Em meio ao avanço da pandemia na cidade, o chefe do Executivo deu sete dias para que as notificações da doença sejam reduzidas. Caso contrário, BH poderá voltar à estaca zero, com apenas serviços essenciais - como hospitais, farmácias e supermercados - em funcionamento. 

“Decidimos esperar para que os números nos digam o que fazer. Estamos dando uma semana para que a cidade abaixe os números. Sabemos que somos um exportador de turista, não um importador. Então, o movimento vai cair. Porém, não teremos o menor receio de fechar”, disse. 

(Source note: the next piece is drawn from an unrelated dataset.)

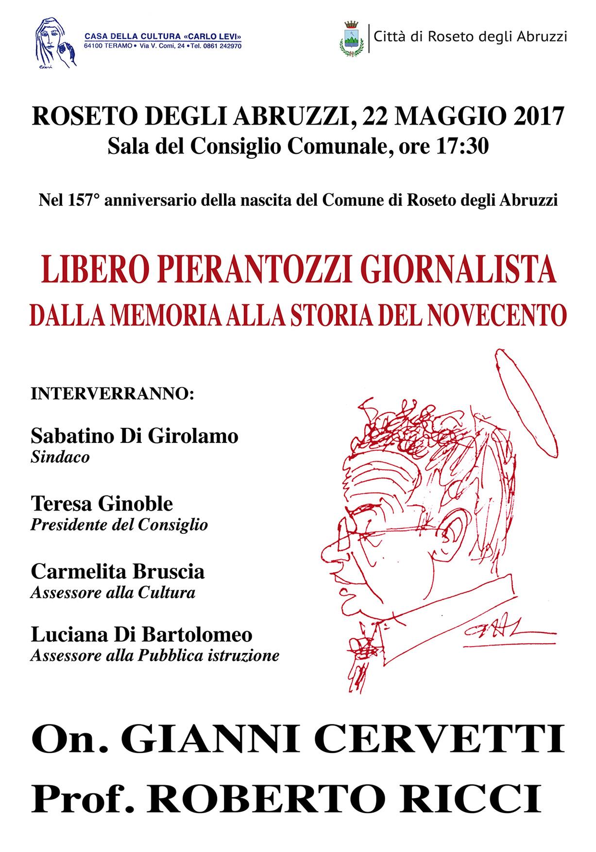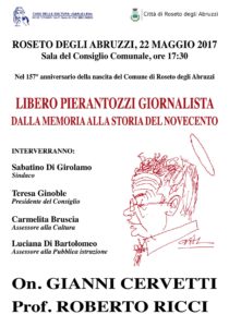 Lunedì 22, alle 17,30, nella sala consiliare “Libero Pierantozzi – Dalla memoria alla storia del Novecento” convegno con il quale l’amministrazione comunale intende ricordare un illustre concittadino.

A decisão foi tomada após uma análise final dos impactos das últimas semanas nos indicadores epidemiológicos do município, em reunião entre Kalil e os integrantes do Comitê de Enfrentamento à Covid. 

“Estamos levando essa queda da circulação de veículos e de pessoas no transporte público em consideração. Queremos ter a esperança de que, com essa diminuição e responsabilidade, não tenhamos que sacrificar empregos e empresários, retornando com o fechamento da cidade”, avaliou. 

Segundo o último boletim epidemiológico, divulgado na terça-feira (29), 78,8% dos leitos de terapia intensiva, reservados a pacientes com o novo coronavírus, estão ocupados. A taxa aparece no nível vermelho do gráfico de indicadores de monitoramento da pandemia, em estado de alerta. 

Já a taxa média de transmissão por infectado (Rt) foi reduzida de 0,96 para 0,95 e segue no nível verde, pela segunda vez, desde a primeira quinzena de novembro. O Rt em 0,95 significa que, neste momento, 100 infectados transmitem o vírus, em média, para 95 pessoas. Quando o Rt está abaixo de 1,00, a tendência é uma redução gradual no número de casos da doença confirmados, diariamente.

Medidas em vigor

Após fechamento, em março, o comércio da cidade foi autorizado a retornar, de forma gradual, em agosto de 2020. Desde então, medidas foram tomadas pelo Executivo para tentar frear o avanço da doença, como um decreto municipal que proíbe a venda de bebidas alcoólicas em bares e restaurantes. 

A última medida tomada foi divulgada no dia 18, quando o horário de funcionamento do comércio de rua e shoppings da capital foi ampliado como forma de evitar aglomerações. 

Pandemia em BH

Belo Horizonte contabiliza 62.286 infectados pelo novo coronavírus desde o início da pandemia, em março, com 1.846 óbitos.